I figure it isn't going to happen within 10 years. Since it isn't even started yet.

When the Americans decided to put a man on the moon, they did it within ten years. In an era where manned space flight was in its infancy

We're now in an era where manned space flight is more or less routine, and where rocket technology and other space technologies have vastly improved.

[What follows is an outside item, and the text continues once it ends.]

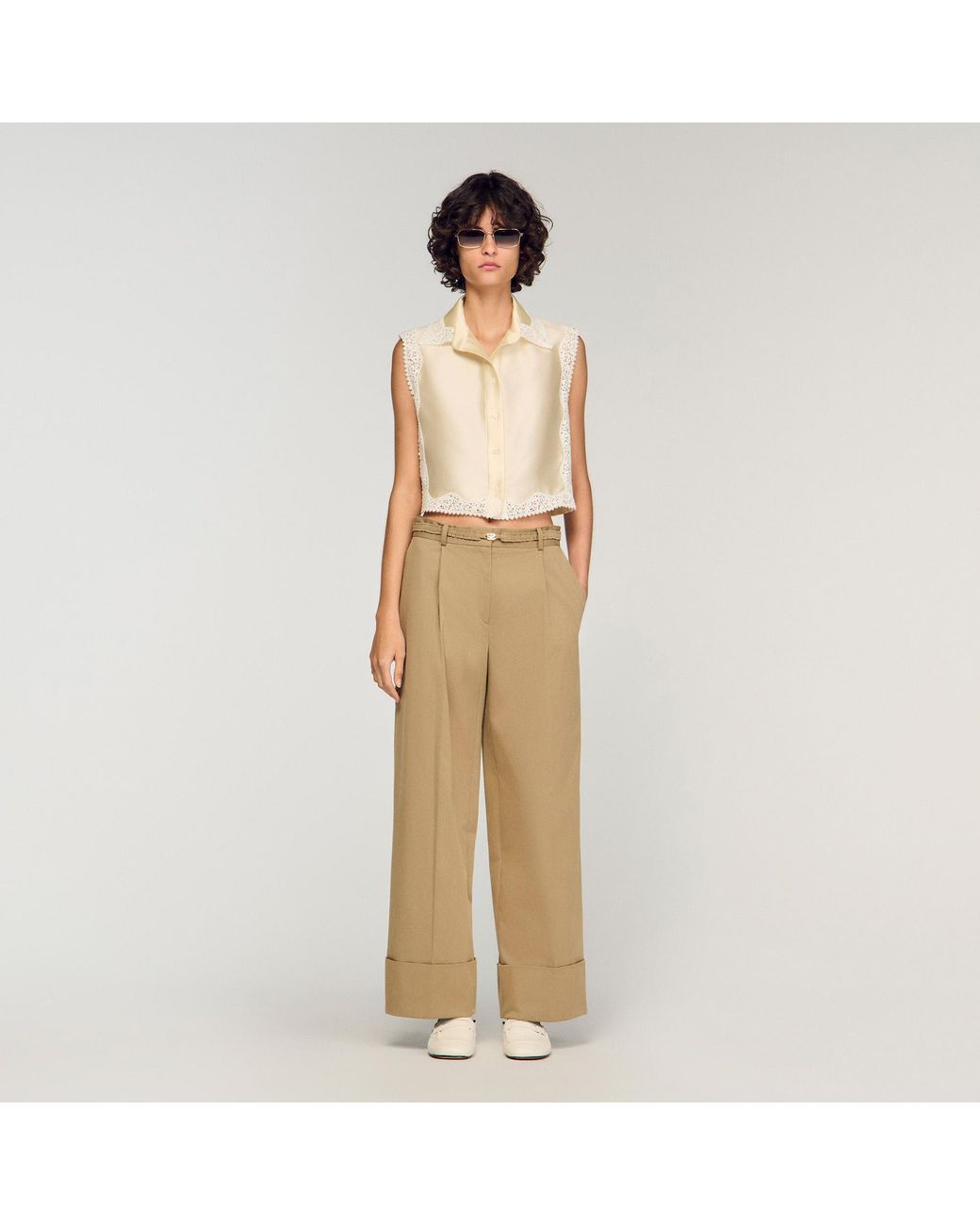 - Cropped Shirt With Lace Detail

I'm quite positive it's possible to put a man on Mars within ten years, if only we really want to. If the US would put only a quarter of the money that now goes towards destruction of other people (i.e. the military) towards this mission, it can be done - the amount that goes to their military is so huge, a space mission will look cheap in comparison. It'll need a multiple of spacecraft, one for the crew (with life support for the duration of the trip and a while on Mars), several robotic freighters to carry further supplies needed to set up a permanent base. Indeed it'd be a one-way mission, until the Mars colonists produce the fuel needed for the return trip.

What's missing is the political will. The Americans got to the moon as they thought they were being outcompeted by the Russians, and that this was the only non-selfdestructive way to show the Russians their might (invading Russia would've amounted to suicide of course). This political will, this competition is missing now.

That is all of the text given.